Thursday, November 29, 2012

Share Your Stories...


Today I went with my mother to visit my grandmother.  Not the same grandmother that I have mentioned in other posts.  This is my mother's mother and she is 90 years old.  She lived with my parents for more than 10 years and recently, due to health decline, has moved into a long-term care facility.  These last few months have been very difficult to watch as my grandmother began to fail both physically and mentally.

My grandmother has always been a very strong-willed person.  When things needed to get done, you could count on her to do it.  She always kept her word and could be depended on when you needed her.  She also was directly open about telling you what she thought about things.  Most times, she would express her opinions with love, but there were several moments that I can easily think of where she told you what she thought without any regard to what the reaction might be.  Don't get me wrong, my grandmother is a wonderful person.  From her I get my strength to keep moving forward, my stubbornness, my need to always be on time, my work ethic and my confidence.  From her I also inherited the family gene to worry.  She would worry endlessly about everything.  I also inherited from her the talent to keep personal struggles to myself.  Sometimes these two traits can be good things, but sometimes, as you can imagine, they are not.

I think that those last two traits are why, as her mind begins to fail, she spends a lot of her time now paranoid that people are talking about her, worrying that they are going to throw her out of her room and suspicious that they are out to get her.  It is very difficult some days to visit her.  You never know what you are going to be walking into.  One day, she is very pleasant and speaks very highly of the staff who help her.  The next time she spends the whole visit begging us to take her home.  The strain and guilt that this puts on my mother does not go unnoticed.  I know she wonders if things would be better for my grandmother if she did take her home again, but the fact is that my grandmother needs someone with her 24 hours a day.  Watching over her medications, her health and her hygiene.  These are not things that my mother is able to provide for her.

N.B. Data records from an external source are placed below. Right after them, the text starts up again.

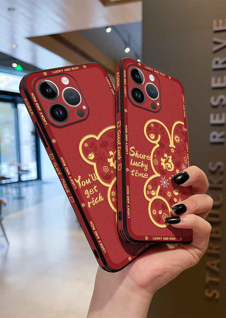 碎花好運小兔適用蘋果14promax手機殼新年iPhone13pro過年女款iP12可愛新款高檔紅色11全包14plus創意防摔套
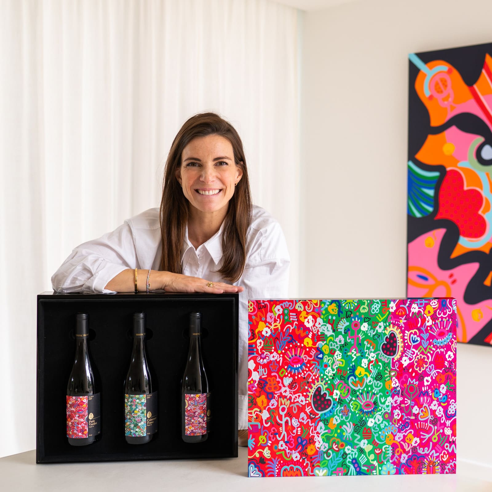 “I believe that wine and art are intrinsically linked: oenology, like painting, is a quest for nuances, emotions and sensations. It is undoubtedly this shared vision that brought me closer to Rita, founder of Mystic Island Winery. Through our respective careers — hers in wine, mine in art — we share the same conviction: anything is possible when you dare to follow your dreams.”
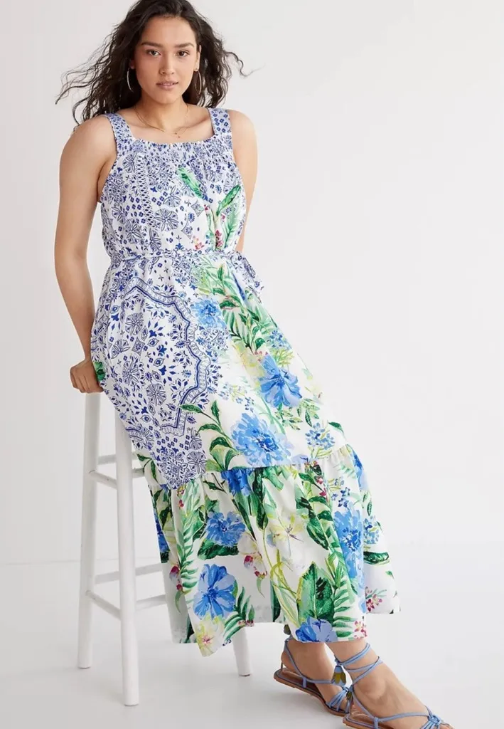 Anthropologie Maeve Bouquet Flounced Maxi Dress XS Blue - $70 - From Kaley
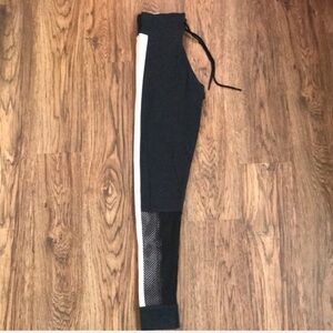 Super soft yoga campus leggings in black & pink. Mesh detail on front bottom. Materials are 52% cotton/35% polyester/13% elastane. Measures approximately 12" across waist & 28" inseam.
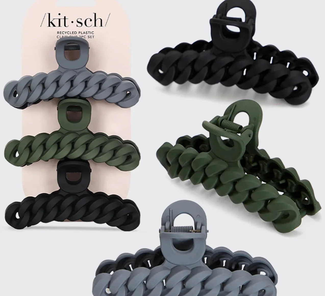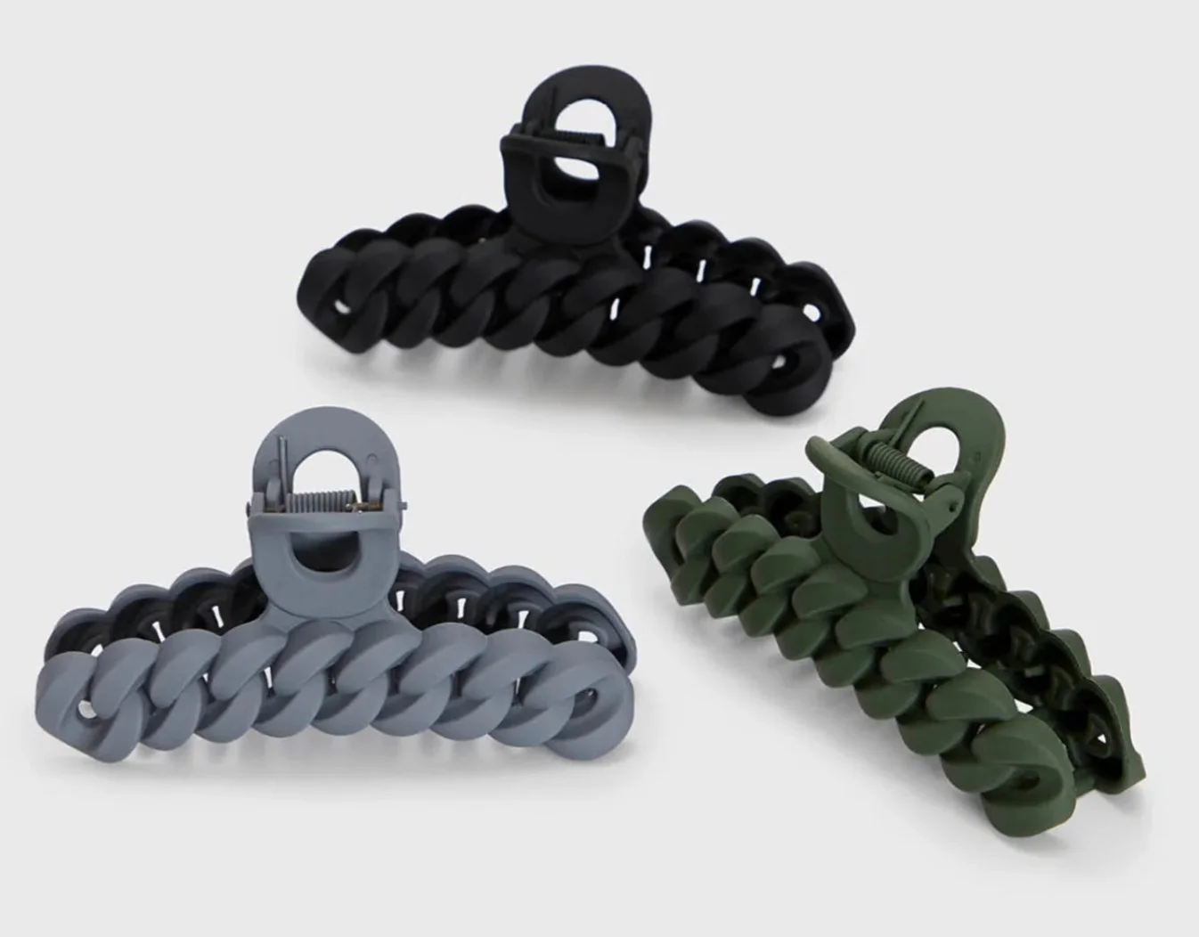 Step out looking effortlessly stylish with these sustainable chain claw clips. Our elevated take on the classic hair clip lets you twist your hair up with zero effort while making an on-trend statement. Crafted with recycled materials, these eco-friendly clips let you feel good about looking good. Choose from two sets of versatile neutrals to coordinate with all your favorite outfits.
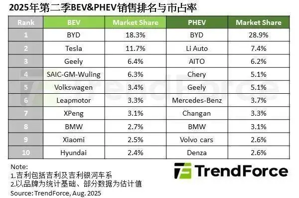 结果是,比亚迪在全球插混市场的份额依然领先,但市占率由近40%降至28.9%(TrendForce集邦咨询),丢失的份额主要被吉利、问界等品牌瓜分。
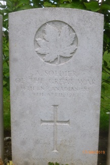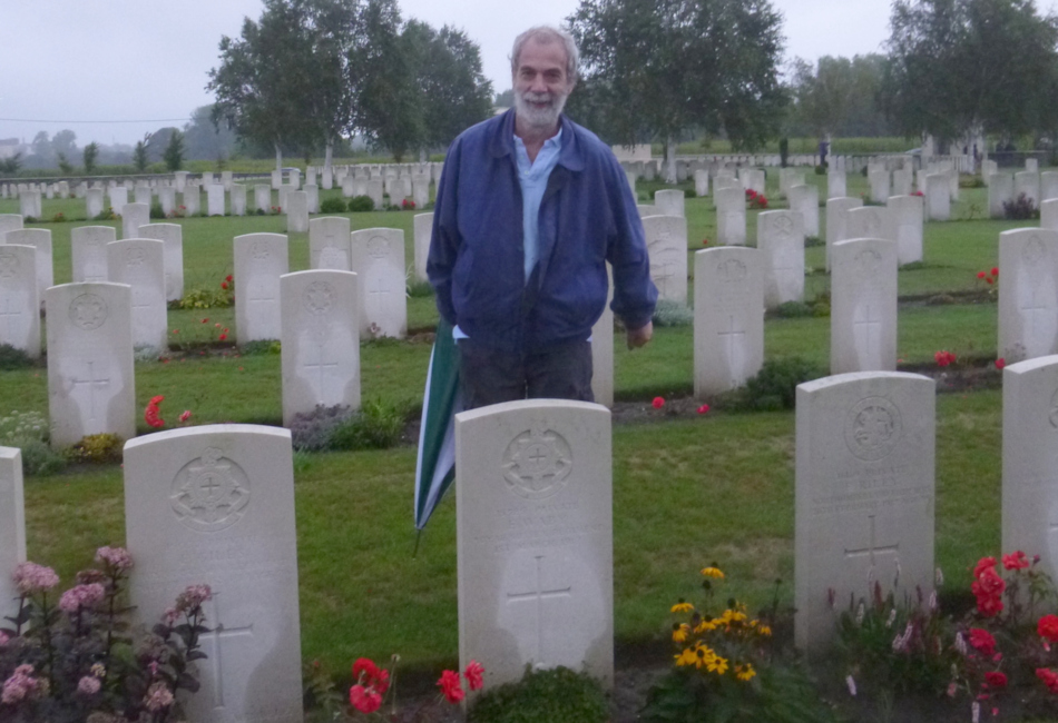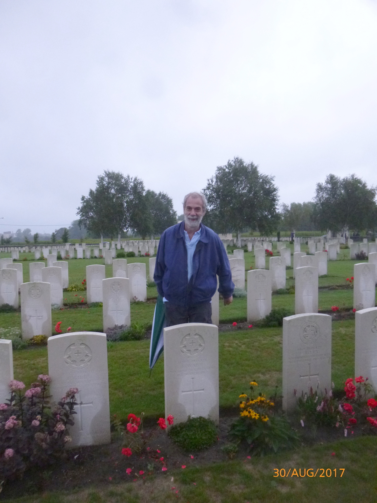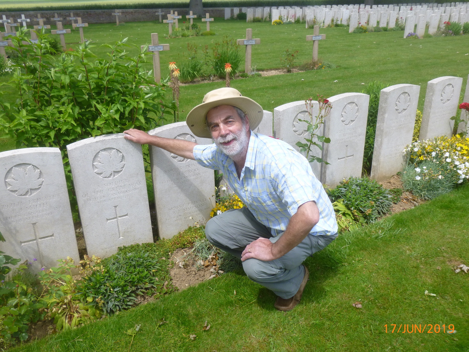 Raymond emigrated to Canada in 1911 and joined the Canadian forces in 1914, incidentally enlisting in London - the Ontario one! Knowing Raymond was in the 14th Battalion of the 1st Canadian Division I was able to pinpoint (via Nicholson's official reports) the likely spot where Raymond fell. Close by this spot is Nine Elms Commonwealth War Grave Cemetery and on visiting this cemetery in 2019, I discovered nine graves of soldiers from 14th Battalion who fell on April 9th 1917 whose identity are 'known unto God'. There has to be a fair chance that Raymond is buried in one of these nine unmarked graves. The photograph below shows me in front of this row of unmarked graves.

I am never sure what to say to my mother after a visit with my grandmother.  As a nurse in geriatrics, I understand the changes that are going on with my grandmother.  I have seen this progression so many times.  That does not mean that it makes it any easier to cope with it.  It makes you feel awful to see someone that you love, who was once so strong and vibrant, now look so sad and frail.  The only comfort I can give my mother is to reassure her that my grandmother is getting good care.  That she is in a good facility where people do really care about her.  Having worked in long-term care facilities before, I know the signs of quality care and they are all present at her facility.  My mother knows this as well and that does bring her some peace of mind.

My family is very blessed to have had my grandmother in our lives for so long.  Many families are not so lucky.  My hope for her is to find some peace in her own mind as she reaches the last stage of her life.  Perhaps the anxiety she feels is actually a result of exactly that - maybe she is afraid to die?  I don't know what the right answer is to this.  What the best course of action should be.  What we should say to her when she asks us to take her home.  I just answer her honestly about why she needs to be there and hope that some day soon she will accept this stage of her life.

If you are a caregiver who has gone through this transition with your loved one, I would love to hear your stories...

Sharing your stories helps the process of Aging with Ease!


 
I originally posted this in November 2011 on my first Aging with Ease blog, my grandmother passed away in February 2012 at peace with her family at her side.  Her passing would be the first of three close family members leaving me in 2012.  Let's just say this year has been very long, sad and unending.  As the year finally draws close to the final month all I can really say is that my family knows I love them.  Death is final and there is nothing you can do to change it.  All you can do is just love them...

I am working on finding a way to regain some motivation in my life, as my grandmothers and my father taught me to do.  It has been difficult since the three people I have lost were also the three people who motivated and inspired me the most.  I hope any followers that I have are patient with me as I try get back into it.